1 minute read
All das strotzt vor energie und Kraft
Das hessische Staatsballett beeindruckt mit den Choreografien »Force Majeure« und »Boléro« in Darmstadt
»Höhere Gewalt« – nicht erst seit der Coronavirus-Pandemie ist dieser Begriff fester Bestandteil von Verträgen. Dem kanadischen Choreografen-Paar David Raymond und Tiffany Tregarthen ist das aufgefallen, und sie haben zu dem Thema ein Stück entwickelt. Für »Force Majeure«, so der französische Titel, arbeiten die beiden Künstler aus Vancouver, die früher mit ihrer Landsfrau Crystal Pite bei Kidd Pivot zusammenarbeiteten – allerdings nach der Residenz der Company im Frankfurter Mousonturm –, erstmals mit dem Hessischen Staatsballett und einem Live-Orchester zusammen. Die Musik der Französin Angèle David-Guillou, die sich bei der Premiere im Staatstheater Darmstadt unter der Leitung von Johannes Zahn aus dem Graben des Großen Hauses erhebt, klingt dramatisch und erzählend wie ein Film-Soundtrack. Dazu entstehen Bilder, die sorgfältig komponierten Gemälden ähneln, sich auflösen in Szenen, in denen die 13 Tänzer*innen getrieben werden von unsichtbaren Kräften. Sie landen am Boden, werden hochgekickt, als würde die Eruption, die gleich zu Beginn aus einem Loch in der Mitte einen Haufen Kleider herausschießen ließ, nun auch sie ergreifen. Gedanken an den Klimawandel ploppen auf. Auch als ein verdorrtes Bäumchen wie zu einer Untersuchung auf einen Leuchttisch gelegt wird. Das Ensemble beugt sich wie bei einem Konzil darüber, verharrend im mystisch-gelblichen Licht (James Proudfoot). Dann wird das Objekt ausgetauscht, ein Mann, wie unter Lava gekrümmt erstarrt, nimmt seinen Platz ein. Lebewesen als Opfer größerer Mächte. Eine graue, raue Steinwand ragt im Hintergrund bedrohlich in die Höhe.
Advertisement
All das strotzt vor enormer Kraft und Energie, brennt sich ein, ohne dass sich alles erklären muss. Kostümwechsel spielen eine Rolle, die Bewegungssprache wirkt nicht fremd und ist doch voller überraschender Momente.

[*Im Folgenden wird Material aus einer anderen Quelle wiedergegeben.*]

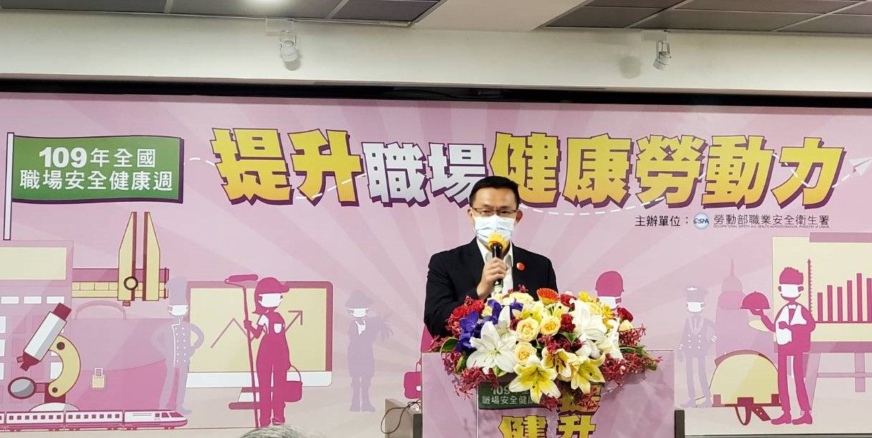 4月28日是國際勞工組織(ILO)訂定之「世界職業安全衛生日」,勞動部配合舉辦「全國職場安全健康週」啟動活動,今(109)年因應嚴重特殊傳染性肺炎(COVID-19)疫情,特別在Facebook網路直播舉辦「提升職場健康勞動力研討會」,林政務次長明裕親臨直播現場,呼籲企業應做好職場安全衛生及防疫工作。

In dieser Hinsicht ähnlich und doch ganz anders geht es nach der Pause weiter. Eine Boléro-Interpretation, entworfen von dem Israeli Eyal Dadon, ergänzt das 45 Minuten lange Auftaktstück zu einem Doppelabend. Wohl bekannt ist das Werk des französischen Komponisten Maurice Ravel; dass Töne fehlen bei dem ersten von zwei Durchgängen, fällt schnell auf. Tatsuki Takadas Solo könnte auch alleine stehen bleiben, so famos setzt er es um. Weich gleitet der Japaner im bläulichen Nebel durch die manchmal ganz kleinen, dann wieder raumgreifenden Bewegungssequenzen; locker sitzendes Hemd und Hose unterstreichen das Fließende daran. Dann wiederholen sich Musik und Tanz, die eine jetzt ohne Auslassungen, der andere ergänzt durch weitere 15 Performer, die Gesehenes aufnehmen, Kontrapunkte setzen. Jedes Detail aus dem 15 Minuten dauernden Ohrwurm erhält eine Entsprechung, die es hervorhebt und charakterisiert. Ein gemeinsames Trippeln hier, ein Ausfallschritt mit gespreizten Armen und puppenhaft erhobenen Händen dort, ein Rütteln, das den ganzen Körper erfüllt. Anfängliche Deutungen verändern sich, erhalten neuen Sinn. In beiden Choreografien dominiert die Düsternis. Sie selbst jedoch sind Lichtblicke in einer Zeit, in der die höhere Gewalt sich nicht mehr so einfach aus dem Alltag verdrängen lässt.